### AIM OF THE EXERCISE
Copy exactly, and only, the lines between the start of the entries below and the line containing "Lãnh đạo Đảng", both inclusive. Omit pictures.

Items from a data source
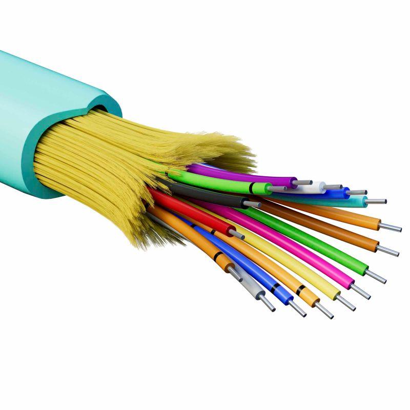 Кабель волоконно-оптический распределительный арамидные упрочняющие нити для внутренней прокладки нг(A)-HFLTx 12 ОВ категорияOM3 (G.651.1) плотный буфер 0.4кН барабан 2000м DKC RNDT3C12AQ03
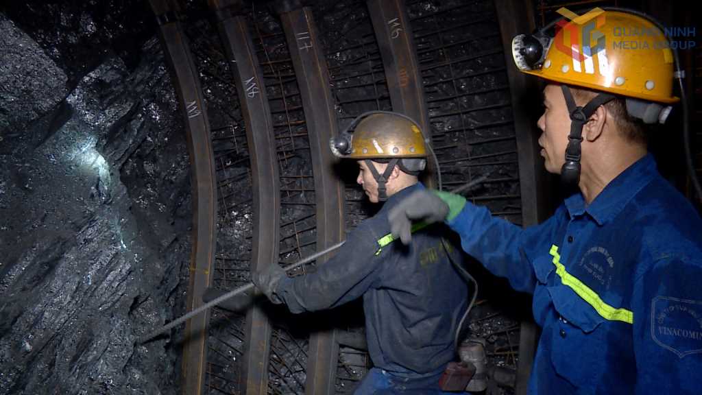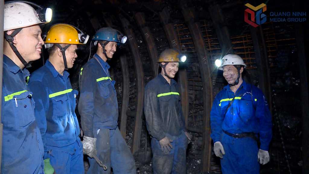 Lãnh đạo Đảng ủy Công ty CP Than Vàng Danh động viên thợ lò Phân xưởng K1 tại vị trí sản xuất.
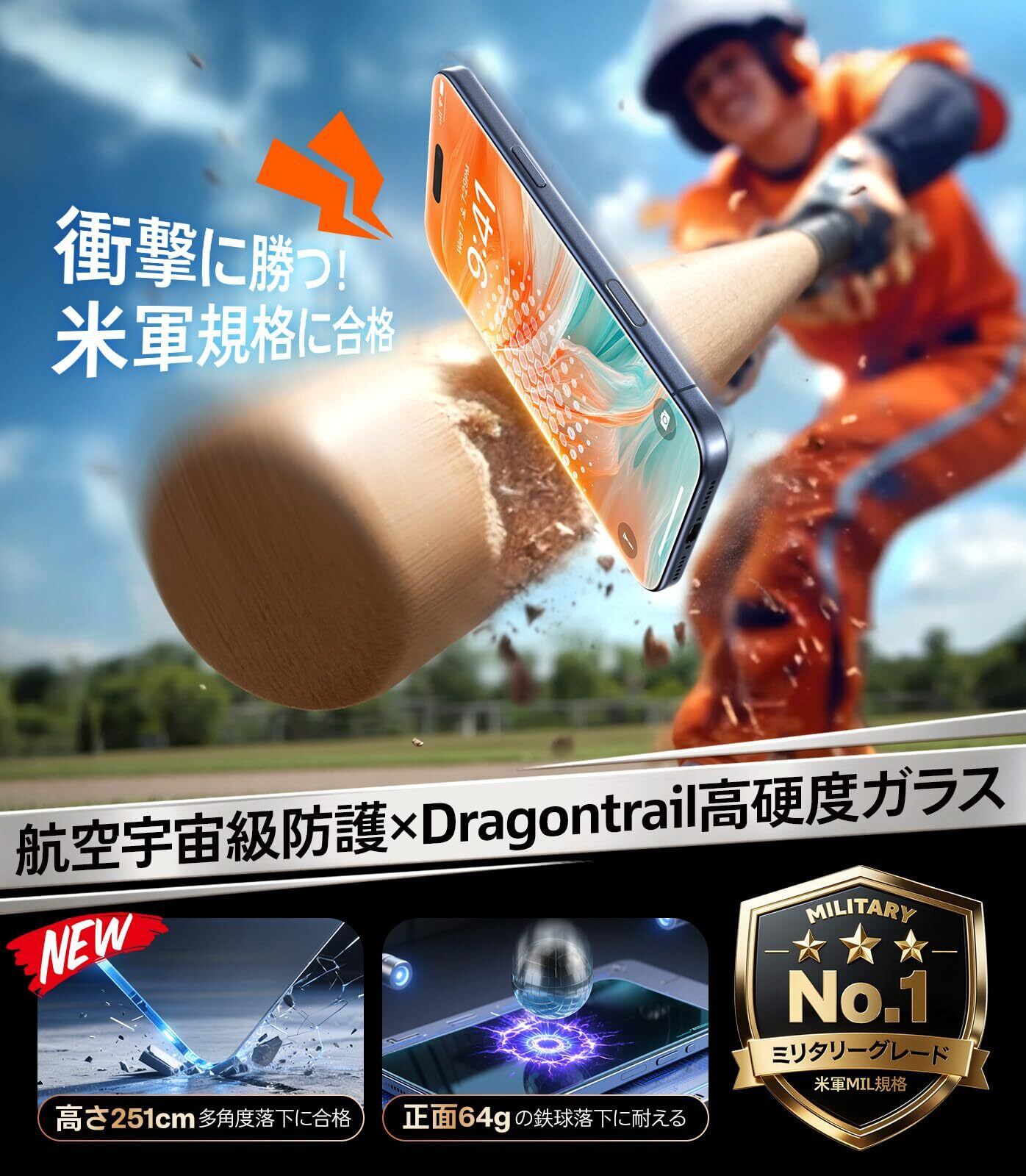 【のぞき見防止と衝撃保護、同時実現!】日本AGC製「Dragontrail」高硬度ガラスを採用。航空宇宙級防護技術を応用し、9Hを超えるHv673の硬度を実現。耐衝撃性は市販品の約6倍で、日常の落下や摩擦から画面を徹底保護。世界累計販売9600万枚、注目の「iPhone画面破損報告0件」(※自社調べ)の実績を誇ります。TORRAS iPhone Air(6.5インチ)用ケースと併用すれば、まさに鉄壁の防御力。覗き見防止機能だけでなく、防摔も業界最高水準のプロ仕様です。※米軍耐久テスト「MIL-STD-810G」認定(認証番号:GZMR220300626209)(対応 iPhone Air ガラスフィルム)
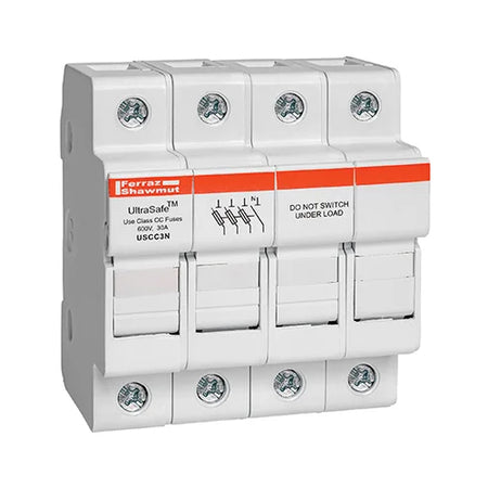 Mersen USCC3N, UltraSafe USCC Class CC Fuse Holder, 600VAC/DC, 30A, 3-Pole+N, without Indicator
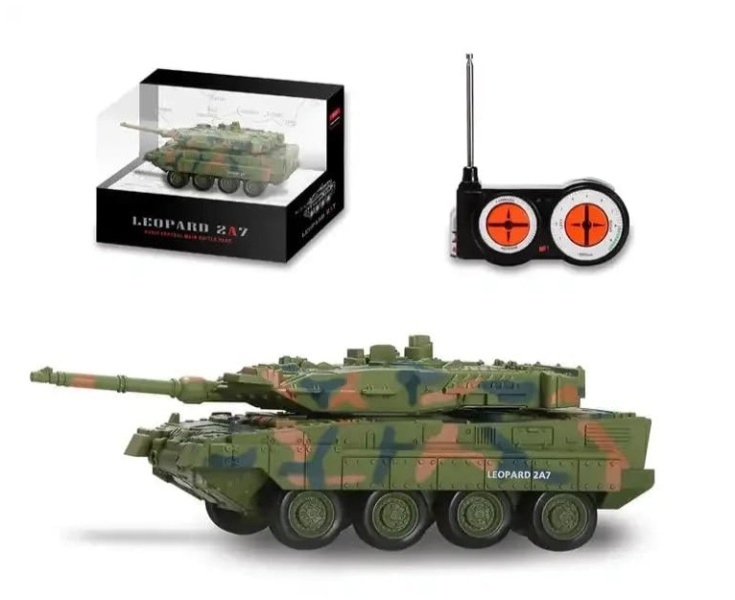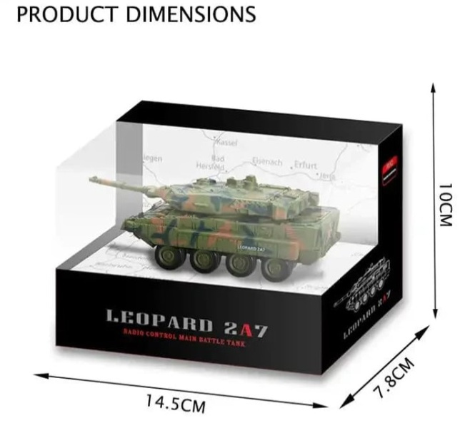 Obsah balení: Model tanku Ovladač s nabíjecím kabelem Anténa Technické parametry: Délka: 14 Šířka: 5.3 Výška: 5 Vhodný na ven: ne Vhodný do interiéru: ano Typ nabíječky: z ovladače Výměnný akumulátor: ne Napájení ovladače: 4xAA Dosah ovládání: 5 Osvětlení: ano Plynulá regulace jízdy: ne Vodotěsnost: ne Voděodolnost: ne Typ střelby: žádná Měřítko: 1/72 Rychlost jízdy: 3
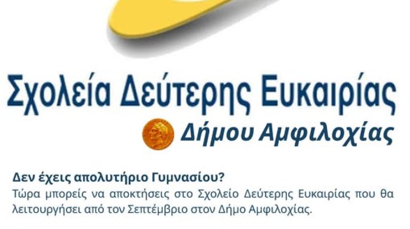 Ξεκίνησαν για το νέο σχολικό έτος οι εγγραφές στο Σχολείο Δεύτερης Ευκαιρίας του Δήμου Αμφιλοχίας, το οποίο ιδρύεται με σκοπό να προσφέρει μια δεύτερη ευκαιρία σε συμπολίτες μας στην εκπαίδευση, την κοινωνία και την εργασία.
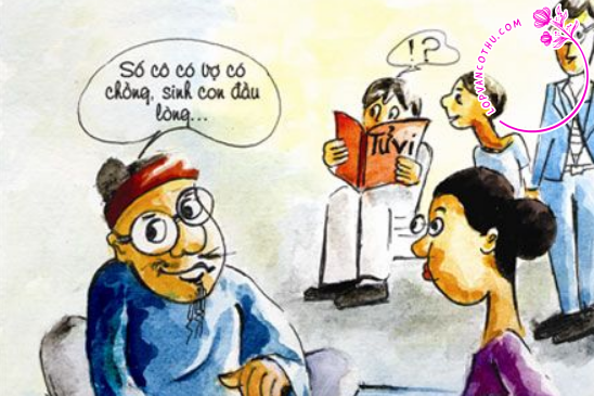 – Còn về “gia cảnh”, về “nhân duyên” thì… “cô có mẹ, mẹ là đàn bà, có cha, cha là đàn ông, cô sẽ có chồng, có chồng sẽ có con, con gái hoặc con trai”… Rõ ràng cái nhà ông thầy bói này chỉ ba hoa, mồm mép, nói những điều ai cũng biết. Tục ngữ ta có câu “thầy bói nói mò”. Ông thầy bói này không chỉ “nói mò” mà nói lăng nhăng, vô vị, thật đáng cười. Đáng cười hơn nữa là giọng nói của thầy.
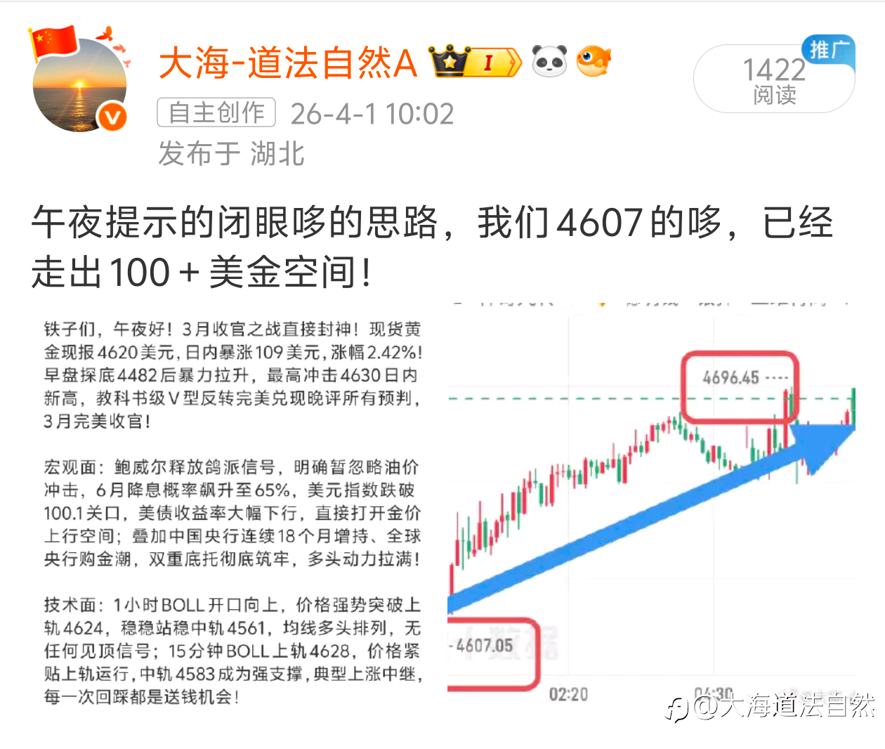 大海道法自然:黄金晚评 | 4308支撑企稳后震荡修复,均线黏合待方向选择
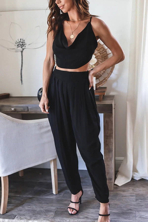 Meet the Cowl Neck Cami… a cropped cowl neck cami top with a lightweight, airy gauze fabric and a delicate mixture between casual and dressy. You’ll love her soft cowl neck balanced with her fiery spaghetti cross-back design. We love her paired with our Pleated Pants for a pulled-together look that absolutely loves a denim jacket.
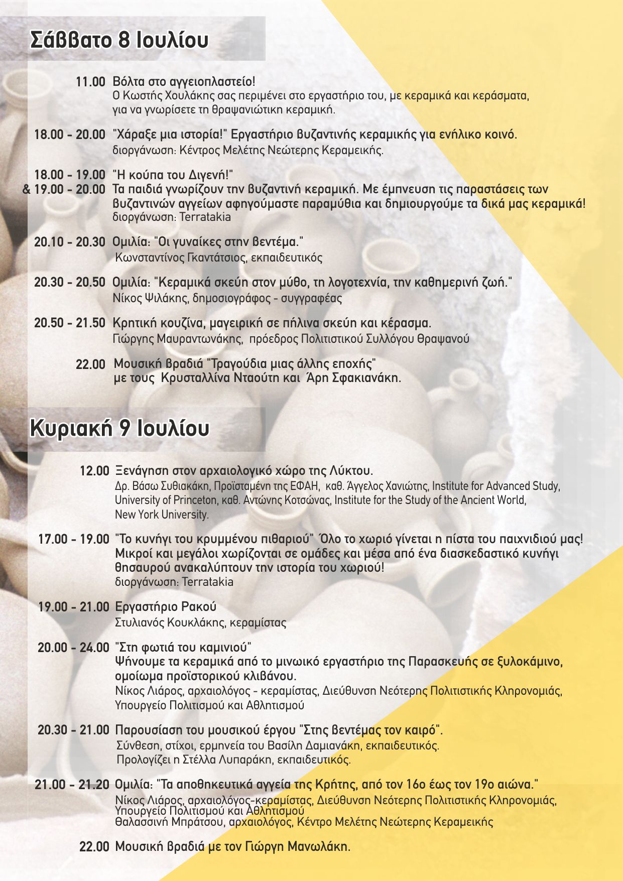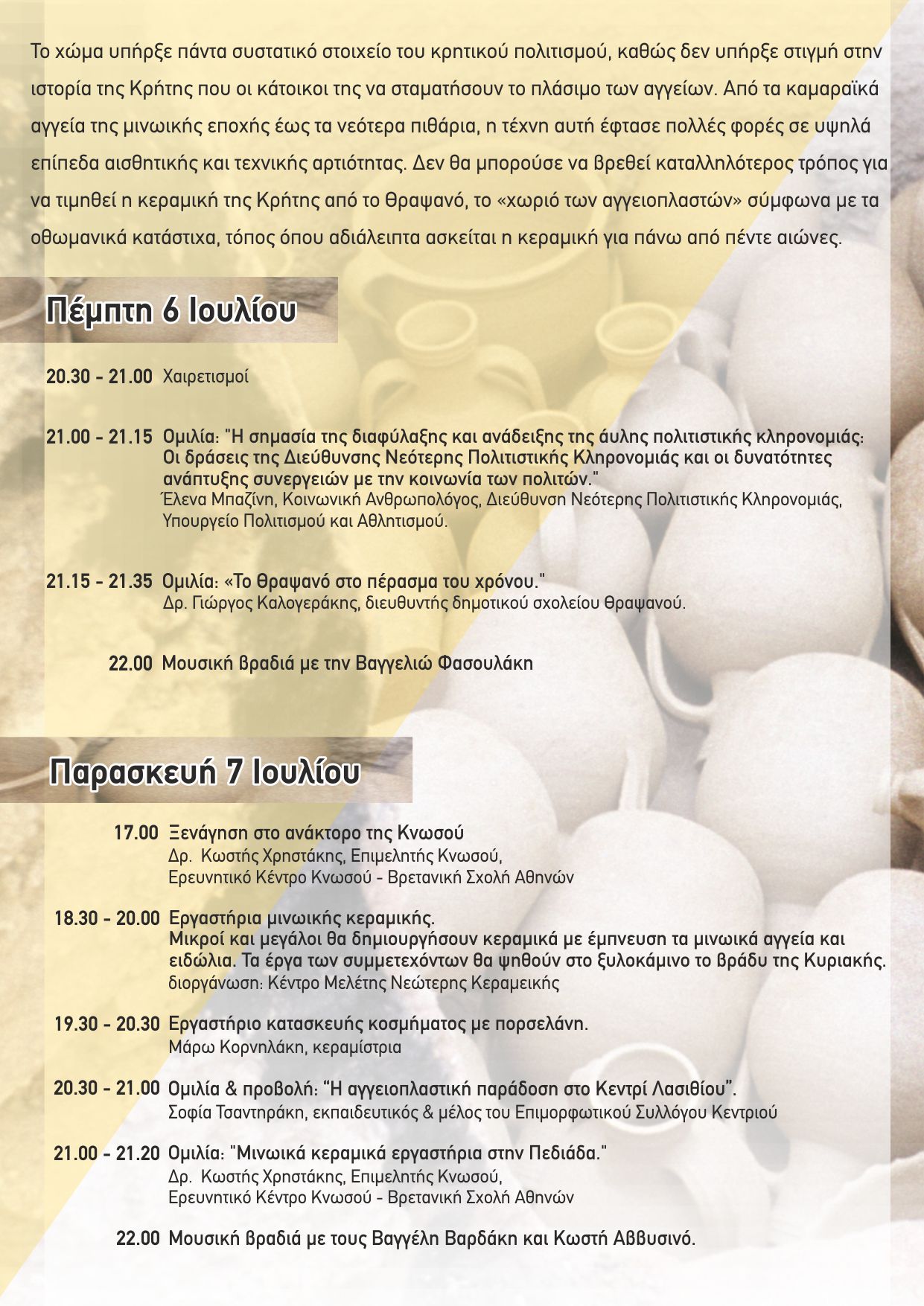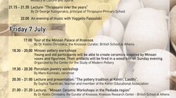 21.00- 21.20 : Ομιλία “Μινωϊκά κεραμικά εργαστήρια στην Πεδιάδα” Κωστής Χρηστάκης – Βρετανική Σχολή Αθηνών.

### OUTPUT OF THE EXERCISE
 Кабель волоконно-оптический распределительный арамидные упрочняющие нити для внутренней прокладки нг(A)-HFLTx 12 ОВ категорияOM3 (G.651.1) плотный буфер 0.4кН барабан 2000м DKC RNDT3C12AQ03
 Lãnh đạo Đảng ủy Công ty CP Than Vàng Danh động viên thợ lò Phân xưởng K1 tại vị trí sản xuất.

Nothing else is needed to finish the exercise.